The function {autolink}`block_diagonalize` takes the Hamiltonian and the perturbative parameter as input.
Differently from the rest of the tutorials, here we do not provide `susbpace_vectors` or `subspace_indices`.
Pymablock treats the Hamiltonian as a **single block**, where the goal is to remove all terms that are not diagonal.
The output therefore is a $2 \times 2$ diagonal Hamiltonian that only contains one block with number operators.

```{note}
Pymablock only supports diagonal unperturbed Hamiltonians when using bosonic operators.
This means that $H_0$ must be block-diagonal and its entries need to be convertible to functions of the number operator, without single boson terms.
This limitation may be lifted using advanced functionality, by providing a custom `solve_sylvester` input to the {autolink}`block_diagonalize` function.
```

For example, to compute the 2nd order correction of the Hamiltonian of the $↑, ↓$ subspaces we use

```{code-cell} ipython3
%%time

display_eq(r'\tilde{H}_2', H_tilde[0, 0, 2])
```

:::{admonition} Pymablock's number operator
:class: dropdown

Pymablock's output contains $N_a = a^\dagger a$, the number operator for the bosonic mode, which is a {autolink}`~pymablock.number_ordered_form.NumberOperator` object.
Furthermore, the output is stored in the {autolink}`~pymablock.number_ordered_form.NumberOrderedForm` class that Pymablock uses for efficient manipulation of second quantized expressions.
In the example above, the diagonal entries of the Hamiltonian are {autolink}`~pymablock.number_ordered_form.NumberOrderedForm` objects.
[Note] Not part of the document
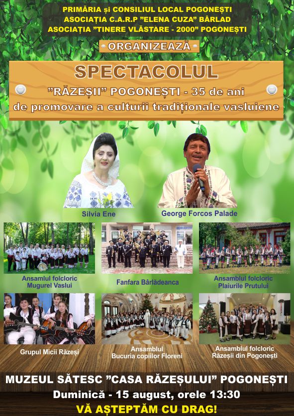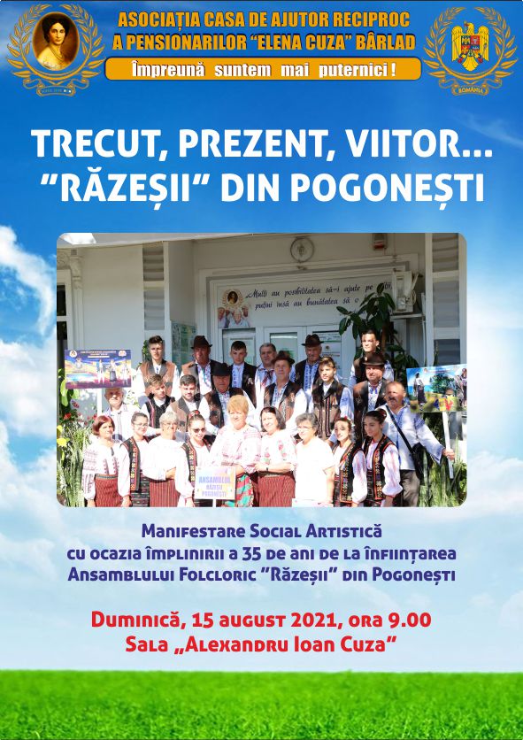 Dragi colaboratori, membri ai ansamblului folcloric ,,Răzeșii” de la Pogonești, La 35 de ani de când promovați tezaurul popular de la Pogonești și din zonă, ținem să vă mulțumim pentru frumoasa și fructuoasa noastră colaborare și vă dorim să fiți sănătoși, puternici, români adevărați, stejari de neclintit în fața furtunii culturii neomoderniste și să fiți și mai talentați pentru a valorifica mai departe comorile culturale românești, portul popular, datinile și obiceiurile străvechi, păstrate cu grijă și mare drag de generații de-a rândul, tezaur românesc adevărat ce ne definește ca neam și să insuflați și tinerilor aceste valori pentru a nu ne pierde rostul nostru ca popor și identitatea noastră națională! Dacă ani la rând ne-ați urat la geam frumoasele dumneavoastră colinde, sorcove și urături, astăzi este de datoria noastră să vă urăm viață lungă, inspirație...

To see the result in terms of individual bosonic operators, we may use the `doit` method:

```python

simplify(H_tilde[0, 0, 2])[0, 0].doit()
```

Check out the [documentation](../second_quantization.md) for more information on how to use number operators and simplify expressions that contain them.

:::

Higher order corrections to the Hamiltonian work exactly the same:

```{code-cell} ipython3
%%time

display_eq(r'\tilde{H}_4', H_tilde[0, 0, 4])
```

```{code-cell} ipython3
%%time

display_eq(r'\tilde{H}_6', H_tilde[0, 0, 6])
```

We see that also computing the 6th order correction takes effectively no time.

## Spin operators

An alternative to defining the Hamiltonian as a 2x2 matrix is to use spin operators:

```{code-cell} ipython3
from sympy.physics.quantum import pauli

H_0 = wr * Dagger(a) * a + wq * pauli.SigmaZ("s") / 2
H_p = g * (pauli.SigmaPlus("s") * a + pauli.SigmaMinus("s") * Dagger(a))

display_eq('H', H_0 + H_p)
```

Similarly as before, we provide the Hamiltonian to {autolink}`block_diagonalize`:

```{code-cell} ipython3
H_tilde, *_ = block_diagonalize([H_0, H_p], symbols=[g])

display_eq(r'\tilde{H}_4', simplify(H_tilde[0, 0, 4]))
```

The fourth order correction to the Hamiltonian depends on the spin occupation number $N_s$, such that for $N_s = 0, 1$ we recover the diagonal entries of the previous example.